Hoops Hypothesis

Hypothesis: The outcome of any pick-up basketball game depends more strongly on the match-up between the two worst players on each team than the match-up between the two best players on each team.

Argument: If the talent differential between the worst players is sufficiently large, then on defense, the better of the two is essentially free to double-team the other team’s best player on every single possession, while the reverse is not true. Thus, the team with the single worst player is effectively playing four-on-five against the team with the second-worst player, and it’s rare for the best player to be better than the second-best player by enough to overcome that numerical disadvantage.

Conclusion: This means that, when it comes time to pick teams, it’s more important to avoid getting the worst player on your team than to actively seek to get the best player on your team.

Discuss.

8 thoughts on “Hoops Hypothesis

  1. Thanks You! I forwarded this to my two guards (son and daughter). One’s in college, the other on a 6th grade feeder team, they both play sports, and into ChemE and NASA. I think they’ll get it and appreciate it too!

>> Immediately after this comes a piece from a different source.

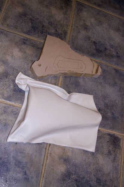 El siguiente paso es dar forma a las láminas de plástico a estas formas. Corta 4 trozos grandes de plástico de hoja de estireno a unos 3" más grande que la forma. Había precalentado el horno a 350 grados. Desde poner el plástico en la parrilla sería una mala idea, cogí un pequeño panel de cristal de IKEA para algo así como 5 dólares y poner en el horno. Esta pieza de vidrio es ligeramente más grande y luego las piezas de plástico que voy a poner en ellos. Una vez que el vidrio se calienta arrojó la primera hoja de estireno en el horno. Mantengo una estrecha vigilancia sobre él, comprobándolo cada 15 segundos o así para ver si es suave. Probablemente tomó aproximadamente un minuto. Utiliza un par de guantes de trabajo gruesos, me sacó la hoja y comencé inmediatamente presionando sobre la forma para el primer panel lateral. Una vez que haya enfriado y endurecido el plástico, ahora tenía la superficie curvada. Puedes ver lo que parece en la figura 2. Repetí este proceso 3 veces para darme los pedazos principales necesitados.

  2. Im Danish, so soccer for me. But i would disagree. Then there would be no reason for the big spread at pay day. But that’s in the pro world. After hours ball, i dont know basket to see if it’s true. But in soccer, hands down, it is better to have the best man.

  3. Mads Keller, if you are looking at how much players are worth, you must take into account the commercial value they represent. It’s not only about Beckham being better than Roberto Carlos (or vice versa), but also about Beckham being a… better brand. Yeah, it’s sad how soccer is commercialized these days.

  4. You just verified every non-athletic fifth-grader’s recease nightmare. Well done sir

  5. I must have played a different sort of pick-up game than you. In my experience (typically with a lot of enthusiastic but not
    particularly polished players) it’s the talent differential at
    the top one or two players. And if one team has a point guardish outside guy and a good athletic tall inside guy and they know how to play together, that’s pretty much it. Although I’m assuming 5 on 5 here, 3 on 3, or 2 on 2, number 3 or two is more important. But numbers 4 and 5 mostly do hustle stuff (rebounds, loose balls, garbage buckets). YMMV and all that.

  6. I wasn’t intending to crush anyone’s self-esteem– this is just an observation from the last couple of weeks of lunchtime games.

    I suppose the sample may be skewed by the fact that this is a regular game, and the players are always a subset of a limited number of people. We all know each other, and know each other’s game, so everybody in the gym knows which guys can be left completely alone on defense.

    I suspect that the same effect should hold for more random pick-up situations, though it might be masked by the lack of clear knowledge about who you can leave alone, and who can score on their own.

  7. I’d agree that the dropoff in talent in your typical pickup game doesn’t happen between the two best players, but I’m not sure it happens at the two worst players. The generalization would be that there’s a 50% chance of having an odd number of competent players on the court and the team with more competent players pretty much always wins.